OMG Joe you are a grumpy individual! lol

We are talking about "soul" not end result. Difference.
I have not contradicted myself, I have tried to explain the same thing in a number of different ways.
I have told you my digital images are better than my film. Yes, you can achieve better results with digital, I have said that!
The personal reward for successful images is not the same for digital as it is for film. The process to take the best picture possible in a given situation using each medium is often different. It's easier with digital so personal satisfaction is less.
I am not referencing which tools are better. I'm referencing how each tool is used to lead to an end result.

Henry you said is headed for fashion, that's not the industry I made reference too! 

Everything else I have said stands.

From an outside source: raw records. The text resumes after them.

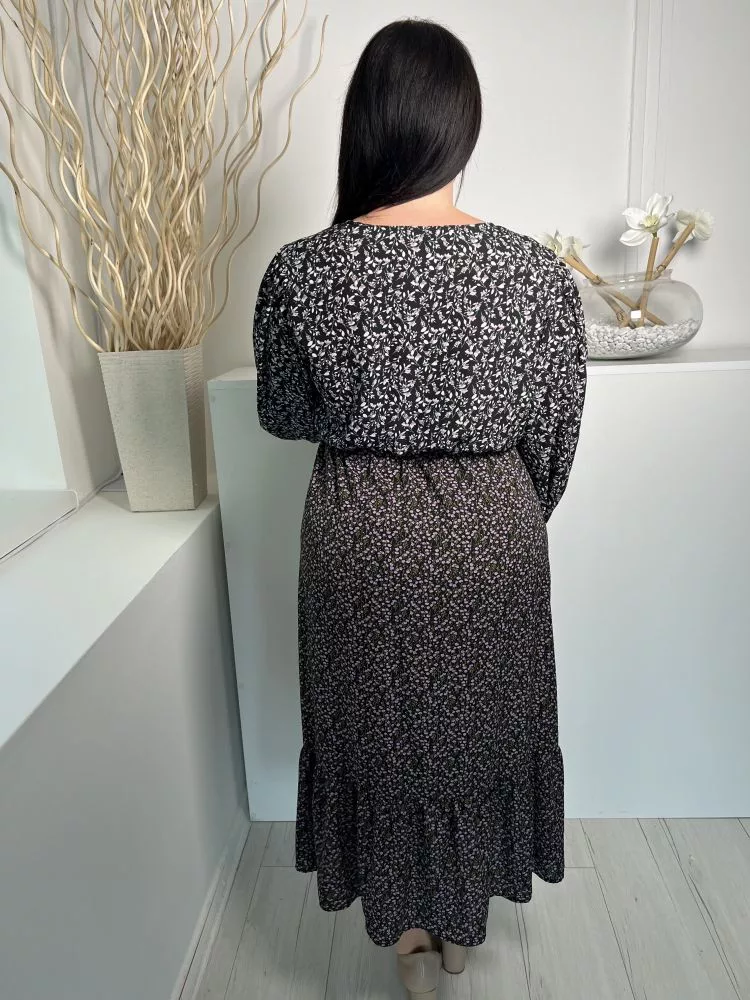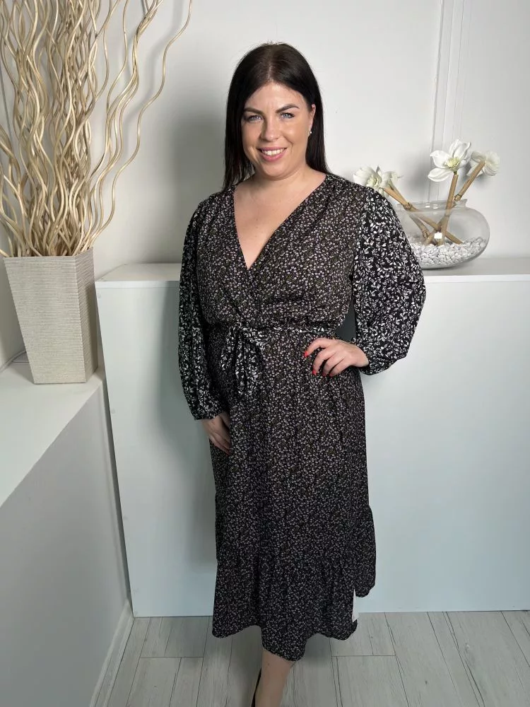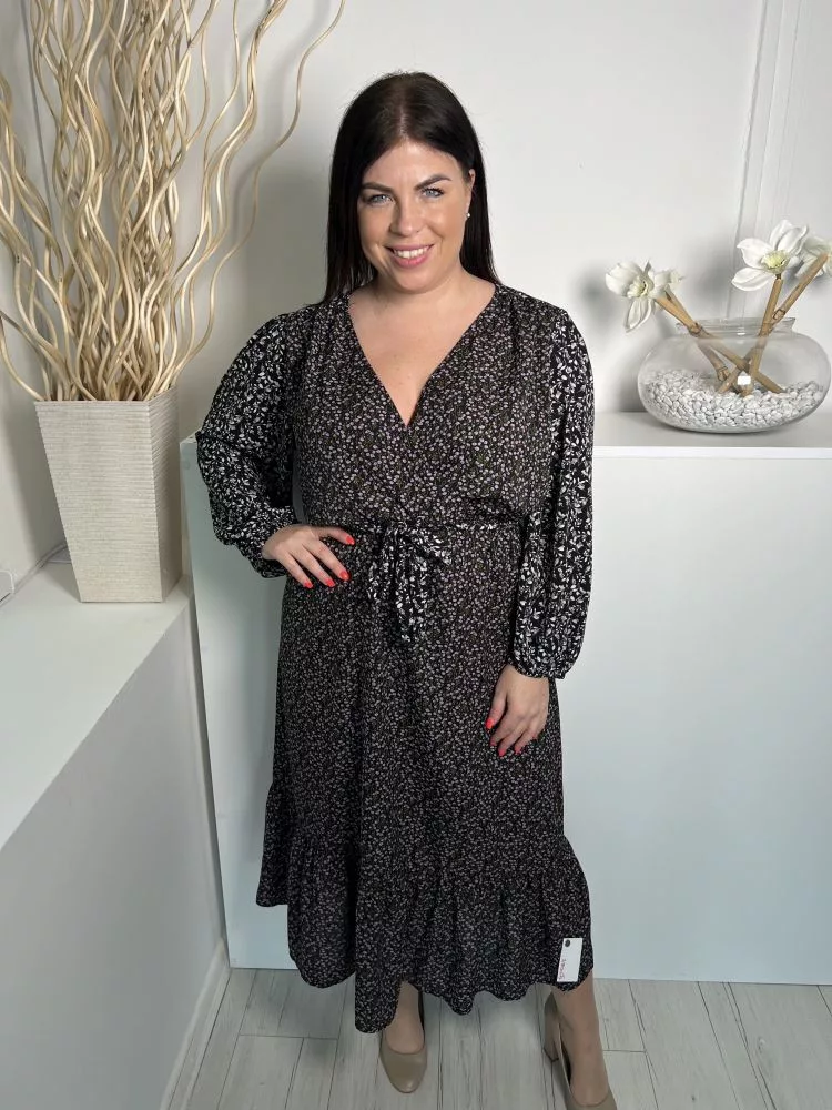Rowen Avenue (L) Fekete Sűrű Apró Virágos, Mellnél Átlapolt Gumisderekú, Megkötős Ruha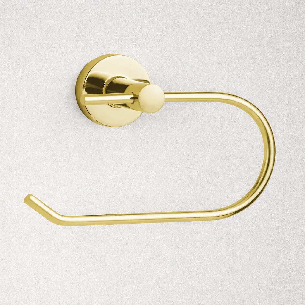 A premium gold toilet paper holder designed to add a luxurious finishing touch to modern bathroom spaces. Comes with a 5-year warranty.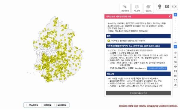 한편, 도는 기존 경기부동산포털에서 제공하고 있던 기획부동산 피해주의지역 안내 서비스의 위치 정보를 실시간 안내할 수 있도록 기능을 개선했다. 또한 ‘기획부동산 불법행위(피해) 신고센터’와 연계해 기획부동산 사기 피해자와 제보자의 신고도 접수해 주기적으로 수사기관에 수사를 의뢰할 계획이다.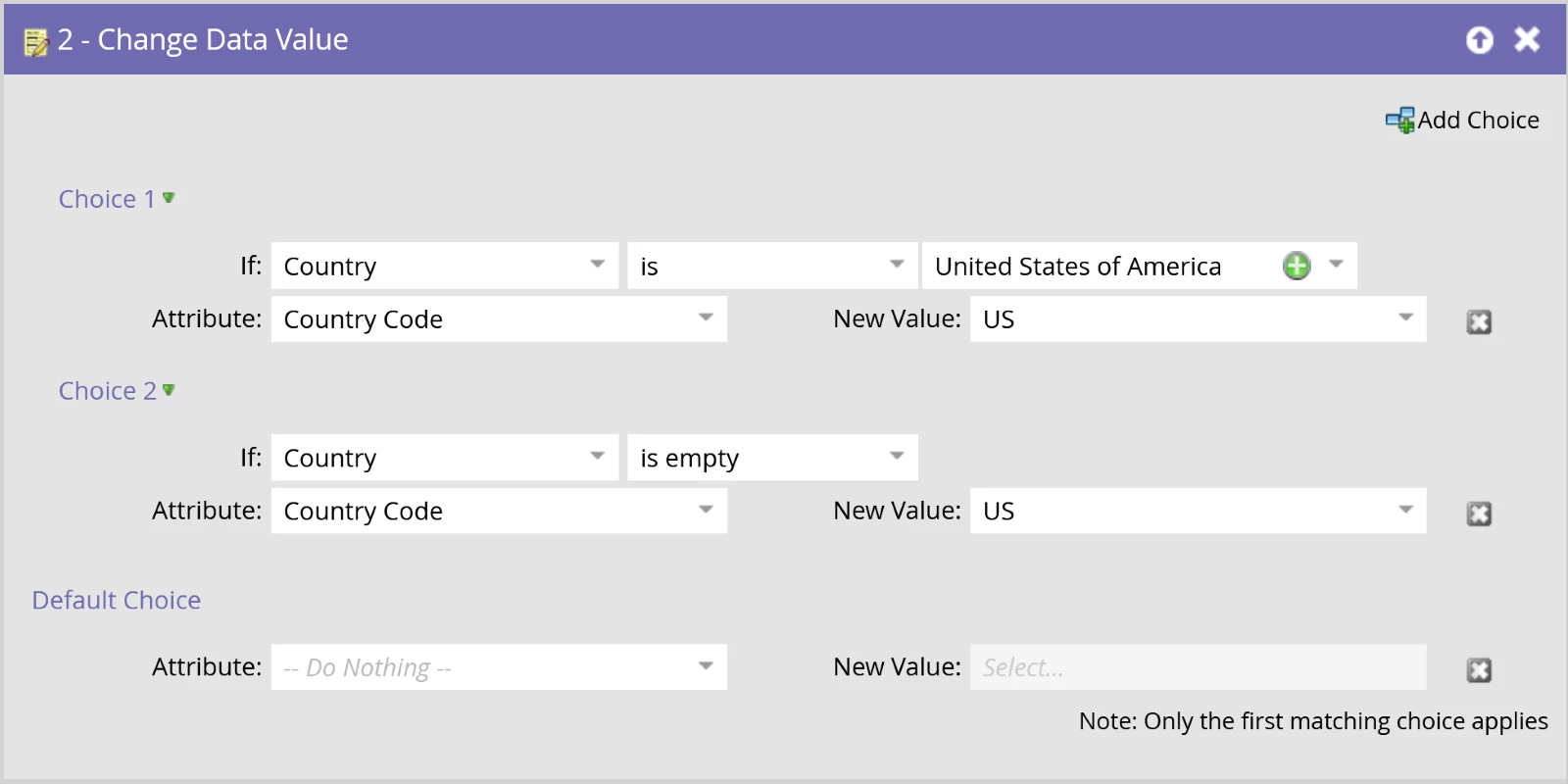 The above is an abbreviated example using flow-step choices to match the value of Country to a particular country code. Supposing we wrote a test for this, we would expect a lead who enters the flow with an empty value of “United States of America” to receive a Country Code value of “US”.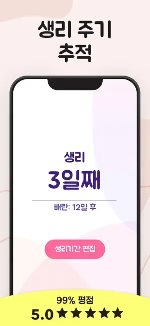 이 우아한 앱은 여성들이 생리 주기, 배란기, 임신 가능성이 높은(가임기) 예정일을 예측할 수 있도록 도와줍니다. 그래서 임신과 피임을 걱정하는 여성들에게 훌륭한 앱입니다. 또한, 생리 주기가 얼마나 규칙적인지 또는 불규칙적인지도 확인하실 수 있습니다.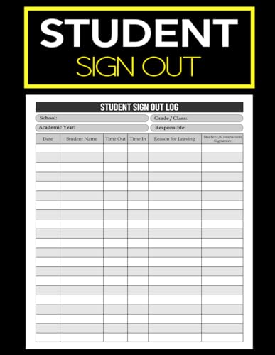 Student Sign Out Log Book: Track Student Movement & Hall Pass Use | Daily Classroom Sign-Out Logbook for Teachers to Monitor Time Out and Behavior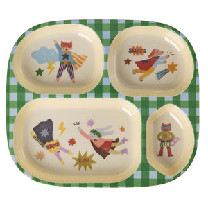 Hübscher Melamin-Teller 'Hero' in Grün mit heldenhaften Motiven und mit 4er-Einteilung von Rice.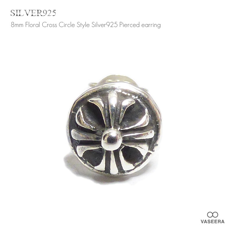 【単品販売(一個)】 8mm サークル型 フローラル・クロス シルバー925 スタッドピアス 【シルバーピアス / SILVER...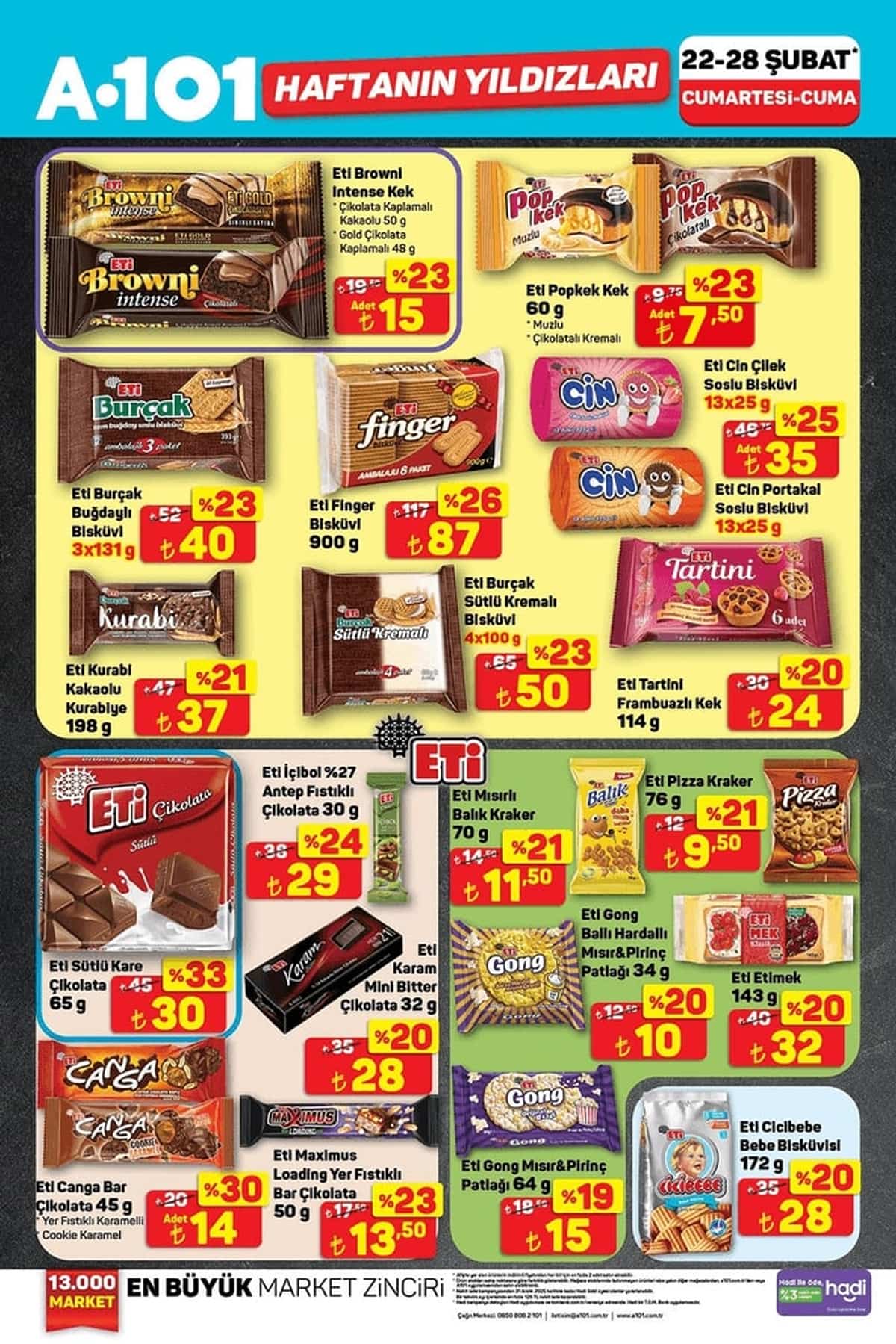 Sivas’taki A101 marketlerinde 22 Şubat 2025 Cumartesi günü itibarıyla birbirinden cazip kampanyalar sizleri bekliyor! A101 Haftanın Yıldızları etiketiyle temel ihtiyaç ürünlerinde büyük indirimler sunulurken, A101 Kampanya avantajlarıyla pek çok ürüne uygun fiyatlarla ulaşabilirsiniz. Üstelik A101 Market mağazalarından, A101 Kapıda uygulamasından, A101 Online platformundan veya A Hadi üzerinden sipariş vererek alışverişinizi kolayca yapabilirsiniz.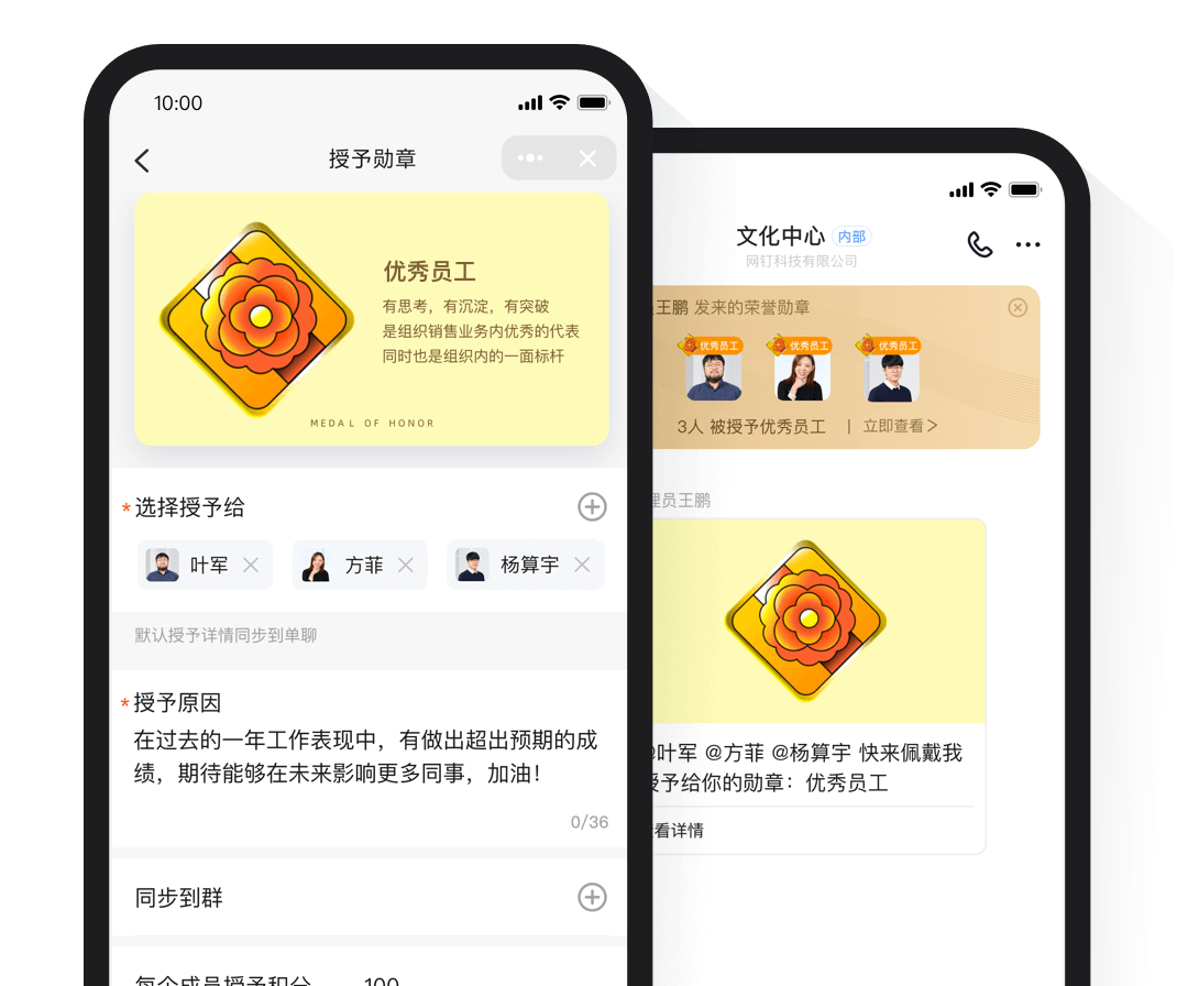 员工成长"入职一周年 团队杰出贡献"都可设置专属荣誉勋章发放给员工,见证员工在组织内的成长。

Of course there are still real pros out there to some degree but they are diminishing and have been for 2 decades now. The profits in the industry are less as amateurs flood the market and drive pricing down. We now also have post time involved which also chews into a photographers time and profits which wasn't a concern back in the film days.  

Finally, YES, damn well I can tell where many images are not straight out of a camera, where there would've been problems and how the photographer went about dealing with those problems. If you think this is not possible you simply lack the necessary experience.


----------



## limr (Jan 29, 2018)

Hey everyone, remember what I said about TREADING LIGHTLY IN RESPECT FOR THE DEAD HORSE???


----------



## Frank F. (Jan 29, 2018)

F5 Penguin said:


> Yes! That's right! Would you like to get rid of digital photography from the world like it never existed? All our memories get completely wiped of any digital knowledge! We forever use film cameras and shoot film for eternity.



no. I had enough of film from 1983 til 2004 daily. better the way it is today.

PS: When I stood in a shop in 1996 with the F5 and the gripped F100 for the same price, I clearly chose the F100. When I tested the D5 versus the D500 when they came out I clearly chose the D500 and waited for the D850. Now I got both of the best cameras and hope one day the D5 chip will come in a smaller body for a reasonable price. I do not need more than 9 or 10 frames per second for my work. But highest ISO and silent operation are important to me.


----------



## Ysarex (Jan 29, 2018)

F5 Penguin said:


> OMG Joe you are a grumpy individual! lol
> 
> We are talking about "soul" not end result. Difference.
> I have not contradicted myself, I have tried to explain the same thing in a number of different ways.
> ...



Ridiculous. All this time I thought I was equally gratified to achieve a successful image from either medium. You have a problem imposing your strange notions on others.



F5 Penguin said:


> The process to take the best picture possible in a given situation using each medium is often different. It's easier with digital so personal satisfaction is less.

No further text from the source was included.